I don't like what I see


----------



## reset (Apr 13, 2013)

I dont think we are worried about the perception of your neighbours in your country. We are more worried about the perception of possible thousands of viewers of this sight from all over the world.


----------



## SuperMonkeySlinger (Jan 28, 2013)

Yep.. Birds eating Chicken feed do not count as a pest necessarily. It is up to YOU to keep the birds away from the Chicken feed and, or, Chickens themself.

A cage is what you Should have, Keeps your chicken feed in, keeps the birds out.

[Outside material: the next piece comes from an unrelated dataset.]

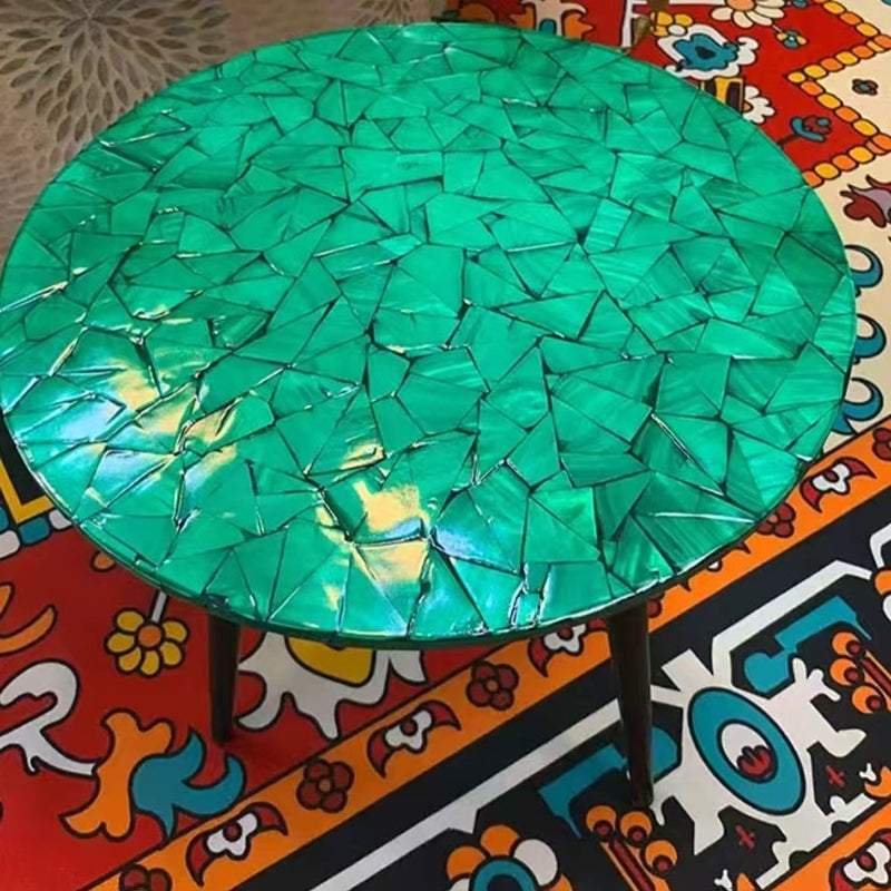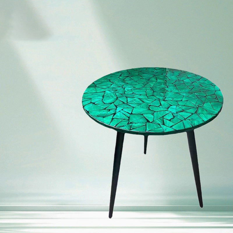 Elevate your living space with this striking green round side table, where the organic beauty of natural shell meets the durability of high-quality resin. Defined by a sleek minimalist silhouette, this versatile piece offers both lasting stability and a vibrant aesthetic for contemporary interiors. Whether utilized as a sophisticated tea table or a bold accent piece, its unique texture and modern design create an unforgettable focal point that perfectly balances form and function.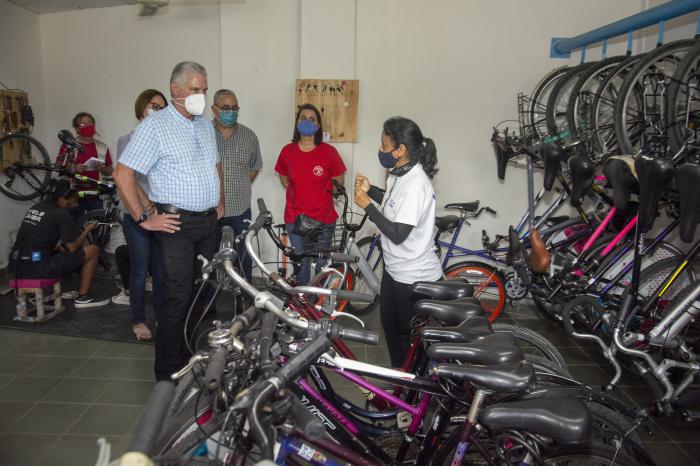 Díaz-Canel destacou o valor deste empreendimento — onde predominam as mulheres, inclusive as que trabalham como mecânicas– retomar e promover o uso da bicicleta (ciclomobilidade) de forma massiva, como alternativa de transporte sustentável, amiga da natureza e muito necessária para a saúde mental e física das pessoas.

Now, if they were something like dove, pigeon, or Quail, Heck, I would let them eat the chicken feed, as long as it brings Them around so i can hunt them and have a nice, Nice meal! 

SMS


----------



## e~shot (Jun 3, 2010)

hunter03 said:


> Idk what kind of birds were...and i killed them....cuz we wanted to test the slingshots amd for some fun i till upload somr pics 2morrow..


----------



## HarryBee (Jun 29, 2013)

hunter03 said:


> Well...the.birds we killed were just 3 of the 100 bird that eat the food of my chickens...and im in the country side i mean village and im in a kind of isolated place and nobody sees me killing so...no witness=no bad perception


Kid, you just told thousands of people you **** ****. Harry.


----------



## hunter03 (Aug 8, 2013)

Well...i think i will never post here again...bye bye


----------



## All Buns Glazing (Apr 22, 2012)

hunter03 said:


> Well...i think i will never post here again...bye bye


Ciao.


----------



## Imperial (Feb 9, 2011)

hunter03 said:


> Well...i think i will never post here again...bye bye


im guessing you are a minor. see you when you are of an adult nature and reasonable mindset.


----------



## All Buns Glazing (Apr 22, 2012)

Imperial said:


> im guessing you are a minor. see you when you are of an adult nature and reasonable mindset.


Dude, I'm 32!


----------



## Btoon84 (Nov 22, 2011)

3 birds in 1 hour : 
is greater/less than/equal to:
Booed off the forum in 17 hours... ?


----------